Guard clauses are for bailing out early when you know that it’s not necessary to run the rest of the method. They are usually trivial in comparison to the real work done by the rest of the method. For example, if we were implementing a sorting algorithm, then we could have a guard clause for inputs with one element or less — there is no need to run a sorting algorithm when there is nothing to sort.
Except in this case, we’re not “guarding” the rest of the method from being run. That conditional is the entire raison d’être of the class. It’s the most important part. The whole purpose of a filter is to decide what elements stay in, and what elements get filtered out.

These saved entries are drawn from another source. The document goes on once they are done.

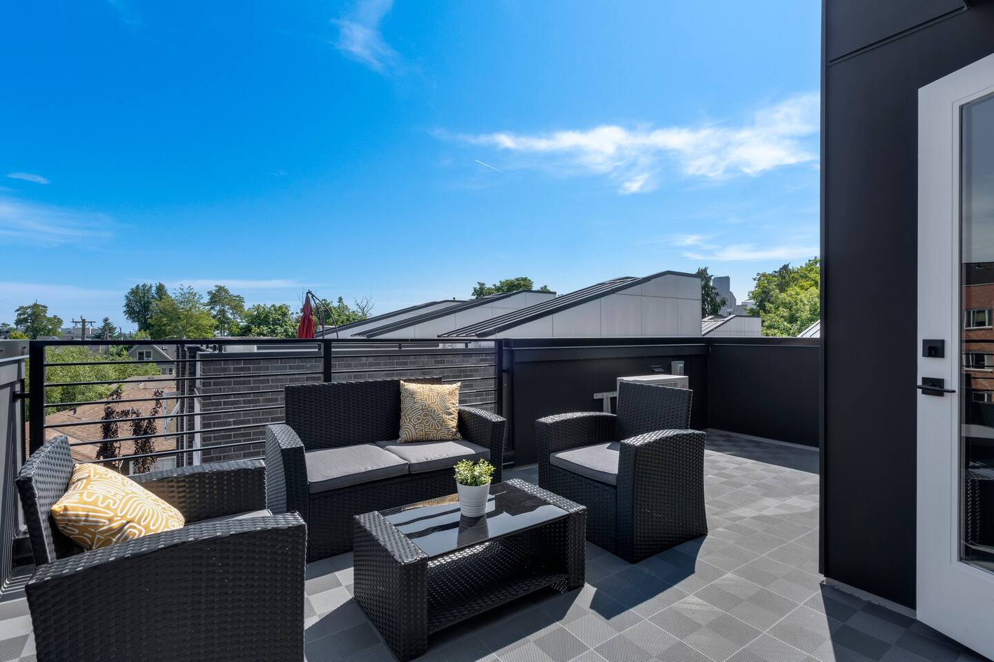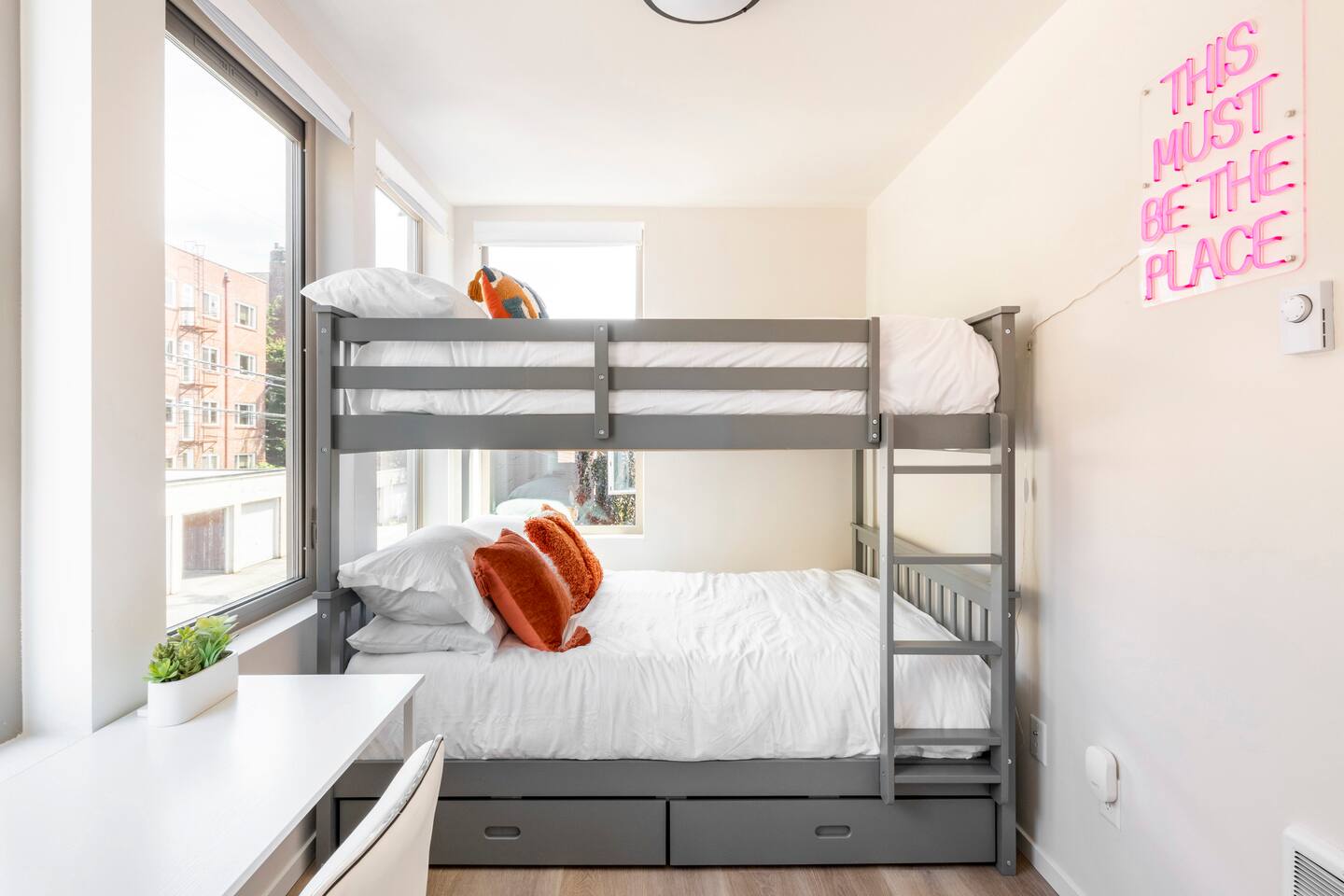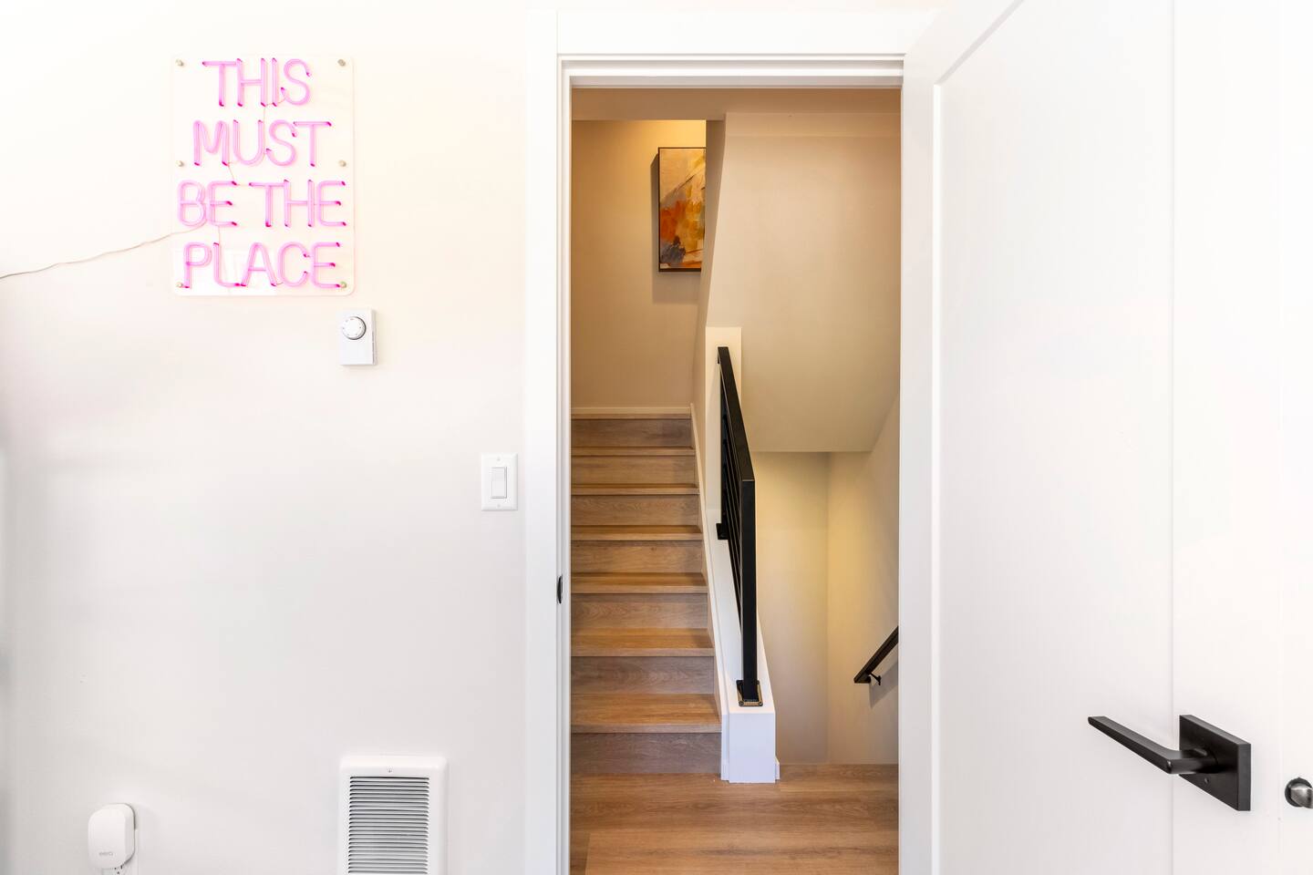 Location: • Walk Score of 95, close to restaurants, coffee shops, nightlight, and grocery stores. • 4 mins walk to multiple bus-stops with service to attractions (Downtown, Pike Place Market, Space Needle, Museum of Pop Culture, etc.) • 7 mins walk to Trader Joe's Parking: Dedicated Private Off-Street Parking for one mid-sized vehicle. If you have a larger vehicle you will need to use street parking using the City of Seattle rules. Space: • Fully equipped kitchen • Washer + Dryer in unit • A/C & Heat • Furnished Private Rooftop Patio • Workspace with desk and chair • TCL 4K Smart TV in the living room (Netflix, Hulu, Disney+, etc.) This well-equipped townhouse offers two bedrooms, each with its own private bathroom. 1st Floor: kitchen, living room, AC 2nd Floor: bedroom, full bathroom, washer/dryer 3rd Floor: master bedroom, bathroom, AC 4th Floor: furnished rooftop deck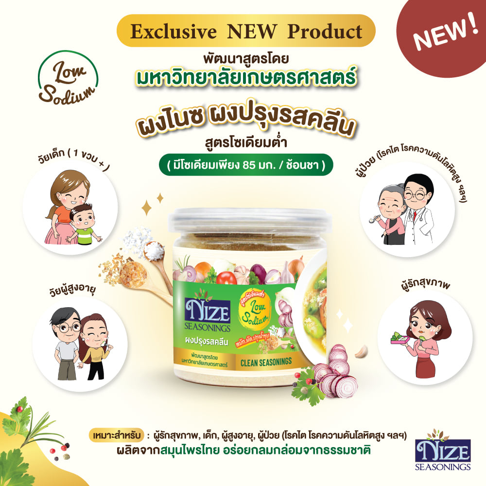 NIZE ผงไนซ ผงปรุงรสคลีน สูตรโซเดียมต่ำ (KAS)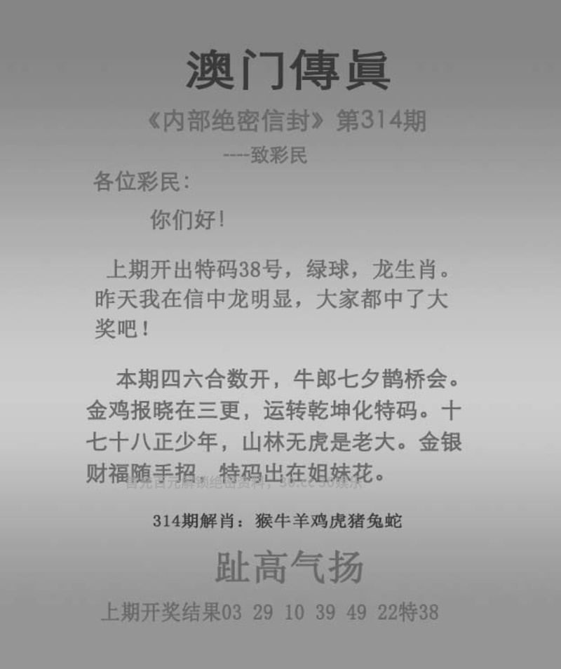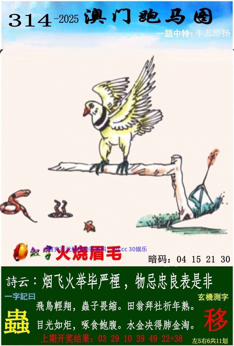 317期:赢彩论坛 【平特一尾】 已公开313期三行必赚【水金木】开龙38中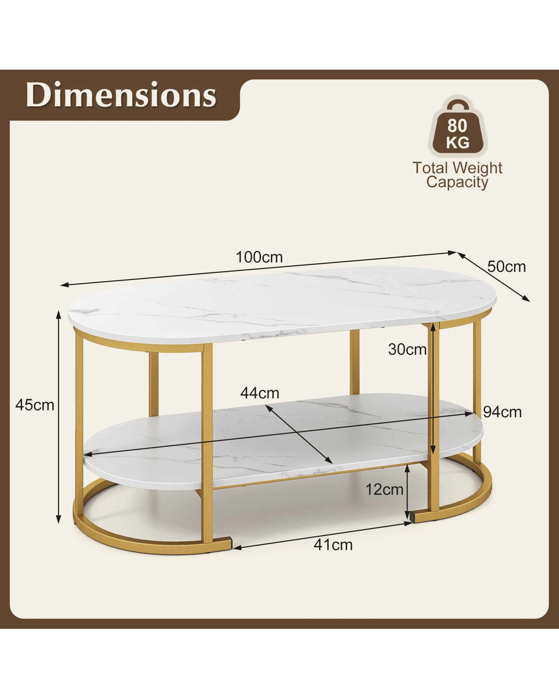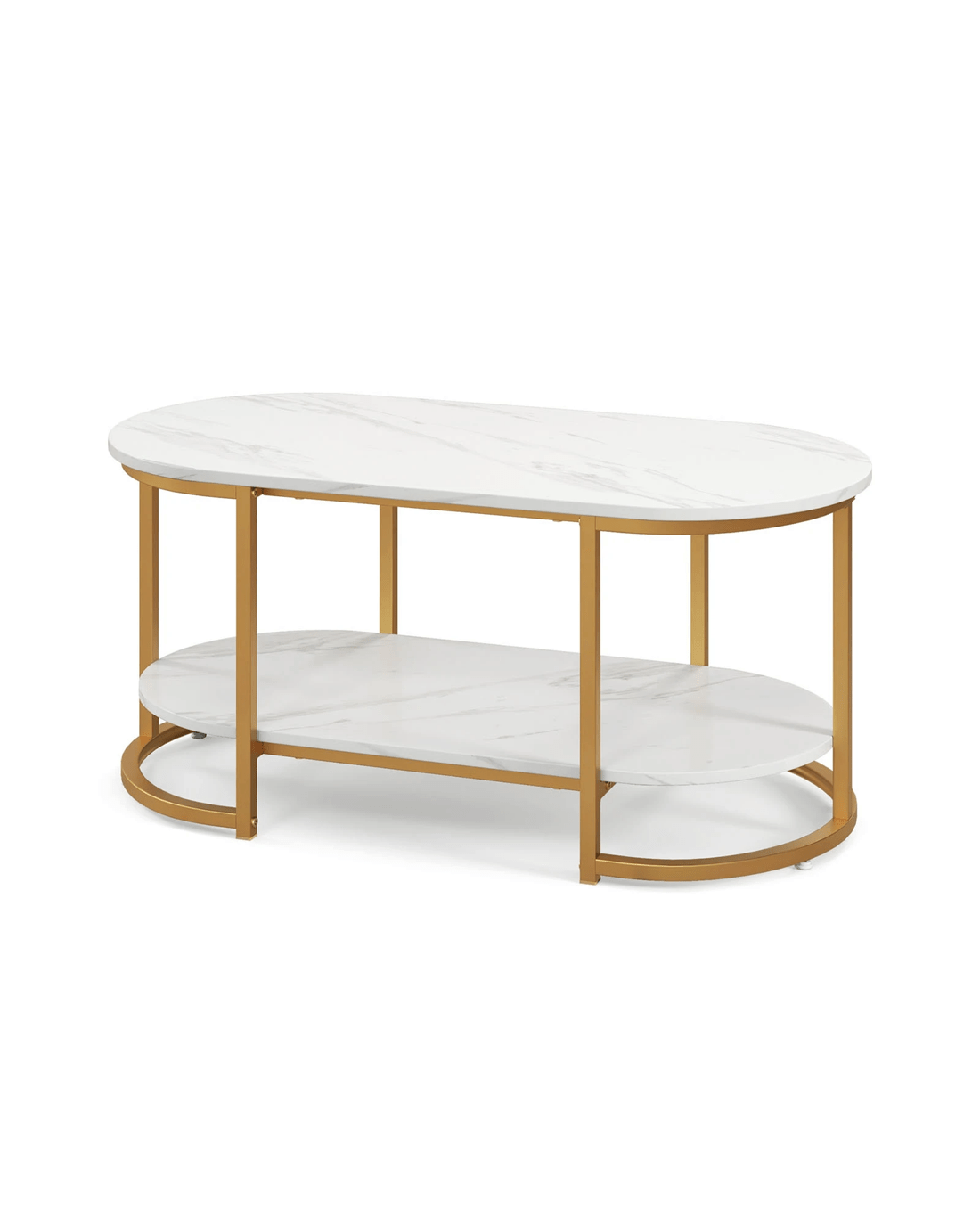 Not only does this coffee table offers display storage on its tabletop, but it also provides bottom shelf for storing daily items. In addition to golden metal frame, this faux marble coffee table adds a stylish element to your home. Crafted with sturdy metal frame, the center table offers exceptional durability and stability. Whether used for home or office, the cocktail table will be an eye-catching piece that can fit into both modern and contemporary homes alike.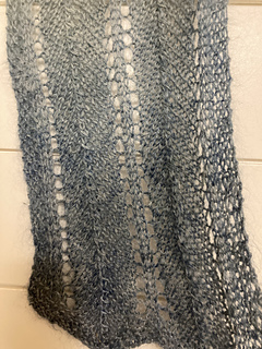 The fuzziness of the yarn along with the easy lace pattern allowed me to use a U.S. size 9 needle. The lace pattern is a very easy 2 row repeat. The project is quick, novice friendly, and appropriate for social knitting, yet is gift worthy to the most discriminating loved one!
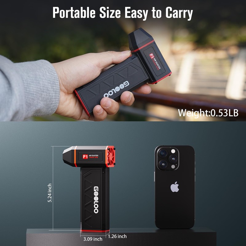- 2-in-1 Innovative Design: The Gooloo F1 is the first air duster with a vacuum cleaner, offering a dual experience in one product.Dual-action system removes 98% surface particles in one pass - perfect for electronics, workshops, and pet areas. (Includes washable HEPA filter)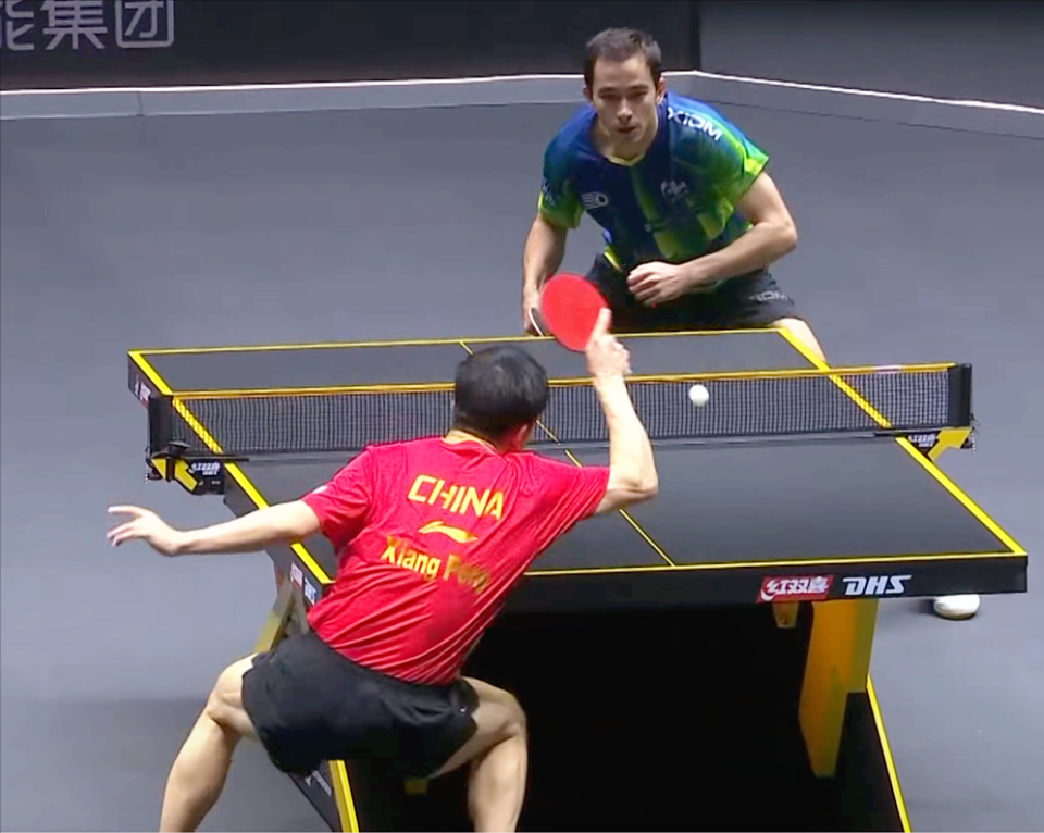 第二局雨果在开局阶段连输3球,在台内搓摆等环节被束缚手脚,尤其退台后借不到向鹏的力进行反拉结果失误频频,结果这次的战况与首局完全相反,向鹏还了对方一个11-3的比分,两人由此而回到同一起跑线。
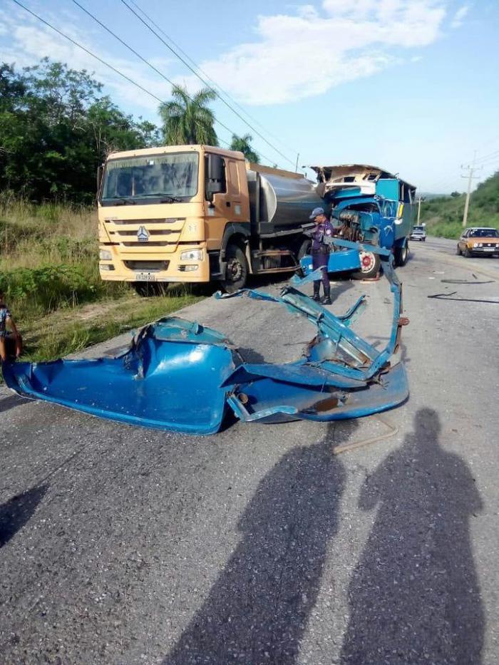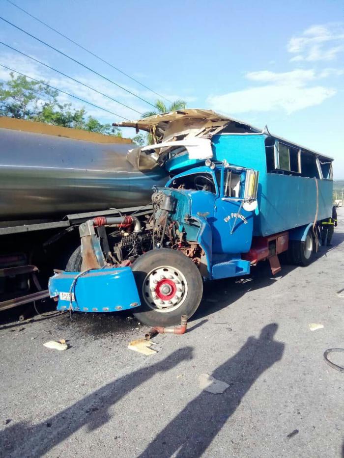Un lamentable accidente ocurrió la mañana de este 13 de junio en la Vía Blanca, a la altura de Puerto Escondido, Santa Cruz del Norte, Mayabeque, entre un camión cisterna y un camión de pasajeros que cubría la ruta Matanzas-Habana.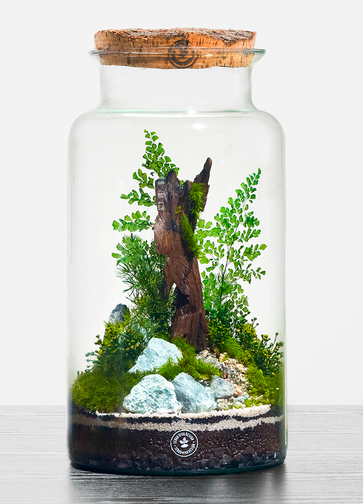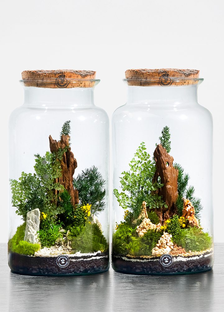 BYRON L BOSCO viene proposto con il caratteristico tappo in sughero, removibile, che completa l’estetica naturale dell’opera. Il terrario può essere conservato anche aperto, senza alterarne la bellezza o la durata.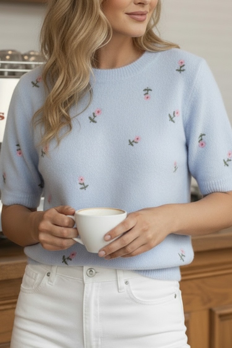 - Modelul are o croială confortabilă, mâneci scurte și un model floral.
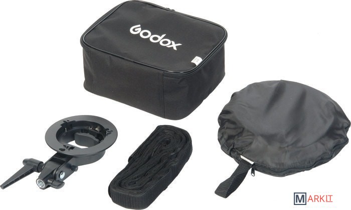 | Комплектация | Софтбокс Godox 8080 – 1 штАдаптер S – 1 штСоты (грид) – 1 штЧехол для софтбокса – 1 штСумка для переноски – 1 штГарантийный талон |

RuboCop has taken the most important part of the class and turned it into a trivial-looking guard clause.
Bad cop. No doughnut.
Branching Should Look Like Branching
My final qualm (is there such a thing as dessert beef?) is with
Style/GuardClause
removing the obvious indenting of the two
branches, making it look like straight-line procedural code.
Most of the time, developers don’t so much read code as they do scan code. We don’t read from left to right, top to bottom, as if the codebase were the world’s most boring novel. We skim over code, navigating by the colours of syntax highlighting and the shapes made by indentation.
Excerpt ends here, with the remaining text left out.